(Items from a data source)
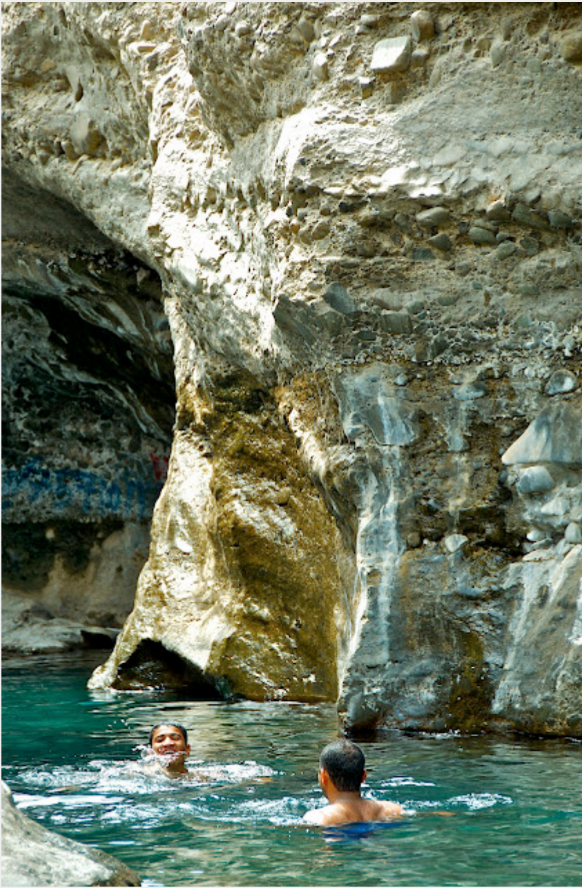
Friends take a dip in the Hatta Pools.

Check out an amazing 360-degree panoramic photo by Karim Saad!
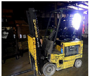
Hyster 3,500 lb. Electric Fork Truck
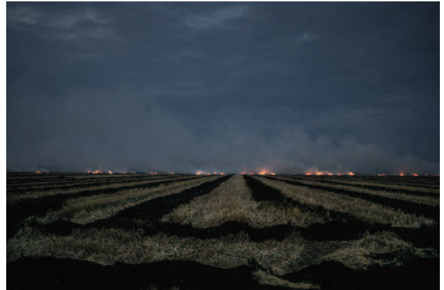
8 Scardovari, Veneto
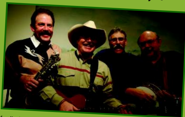
Bluegrass Reunion Band - July 30

Rockford's band for contemporary and traditional bluegrass music. The Bluegrass Reunion Band, founded in 1987, was influenced by: Bill Monroe, Osborne Brothers, Hot Rize, Stanley Brothers, Jim & Jesse, Seldom Scene, Ricky Skaggs and Tony Rice. Their sound is traditional bluegrass, and they cover modern contemporary songs, bluegrass standards and songs of the "Western Cowboy."
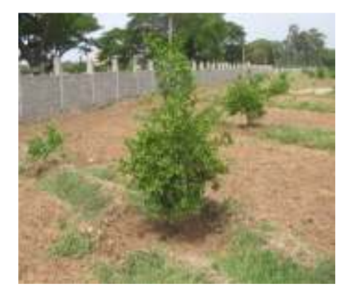
Area expansion of sweet orange taken up by Shri Kotha Sybramanayam at Vadlamudi village.
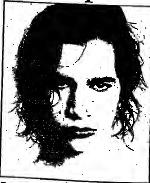
Pop idol Aviv Geffen.
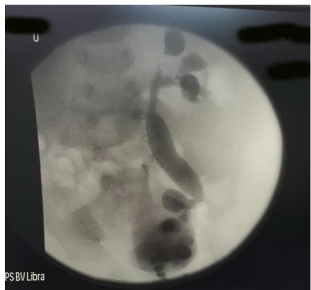
Fig. 3. Vesicoureteral reflux in voiding cystourethrography.

Examination of the urinary tract by ultrasonography revealed right renal agenesis and left Grade 2 hydronephrosis. The patient was then investigated by voiding cystourethrography and Grade 2 vesicoureteral reflux was determined (Fig. 3).
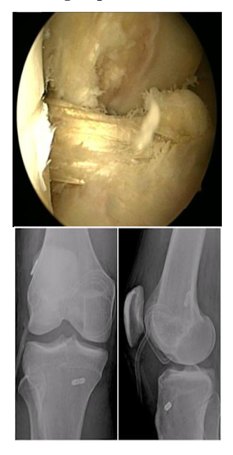
Fig. 5: Arthroscopic view showing ACL graft at the end of the operation and x-ray shows an All-Inside, GraftLink, Double-Tight-Rope ACLR technique.

Femoral Socket Creation and graft fixation (common in both groups):
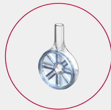
LARGE DOSE DPI
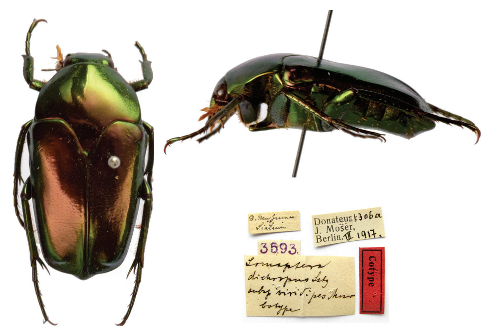
Figure 13. Lomaptera dichropus viridipes Moser, 1908, syntype. a dorsal view b lateral view c labels.

Remarks. The species was described from an unknown number of specimens measuring from 21 to 25 mm. The type locality "Huon-Golf" (currently, Huon Gulf) is the large gulf in eastern Papua New Guinea belonging to Marobe Province. However, Sialum (at one time, Helena-Hafen) is located at north of the Huon peninsula, beyond that gulf.
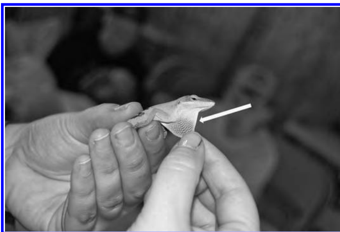
Figure 4. Male anole, Anolis carolinensis , found at Rockfish. Student shows the large, red dewlap (marked with arrow) that distinguishes male anoles from female anoles.
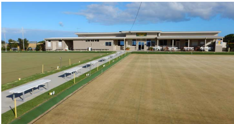
An outside view of the clubrooms as they appear today.
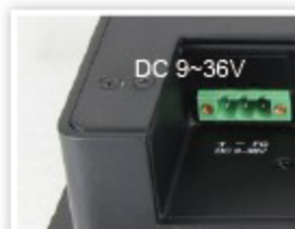
Isolated DC 9~36V Wide Range Power Input

▶▶ For more information of APC-3X20 series, please visit at: www.aplextec.com or contact us at: sales@aplex.com.tw
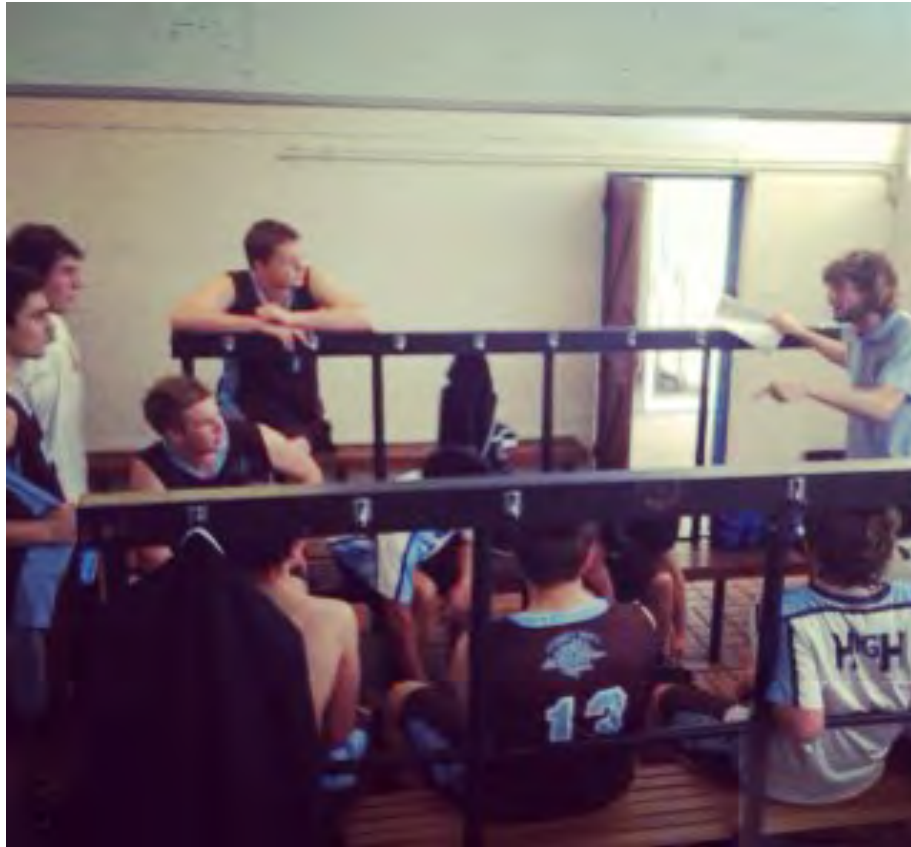
Image taken after High defeated Scots at Scots on the 12 th of October 2013. ‘Mateship’
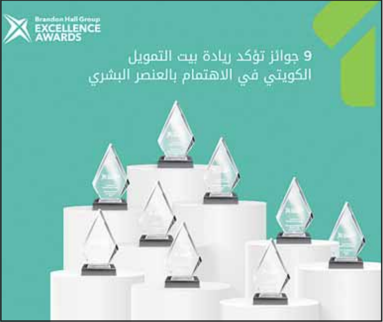
Brandon Hall award

KFH has been named the MENA's Most Innovative Private Bank for 2025 at
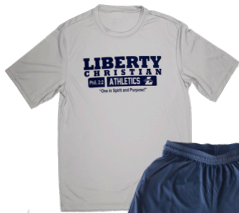
Athletic wear for 6th-12th grade
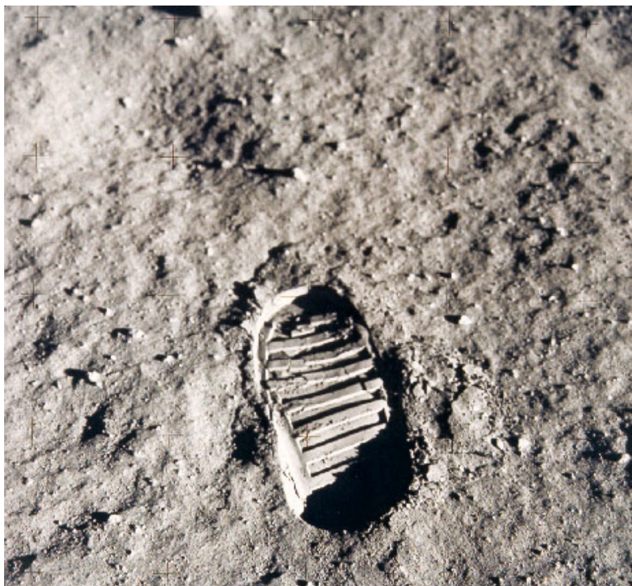
Figure 54 – Footprint in lunar soil. Few rocks are sitting out on top of mature regolith.

Task goal —
For the string "they", search the preceding data and copy every line that includes it.

Solution below —
Rockford's band for contemporary and traditional bluegrass music. The Bluegrass Reunion Band, founded in 1987, was influenced by: Bill Monroe, Osborne Brothers, Hot Rize, Stanley Brothers, Jim & Jesse, Seldom Scene, Ricky Skaggs and Tony Rice. Their sound is traditional bluegrass, and they cover modern contemporary songs, bluegrass standards and songs of the "Western Cowboy."
An outside view of the clubrooms as they appear today.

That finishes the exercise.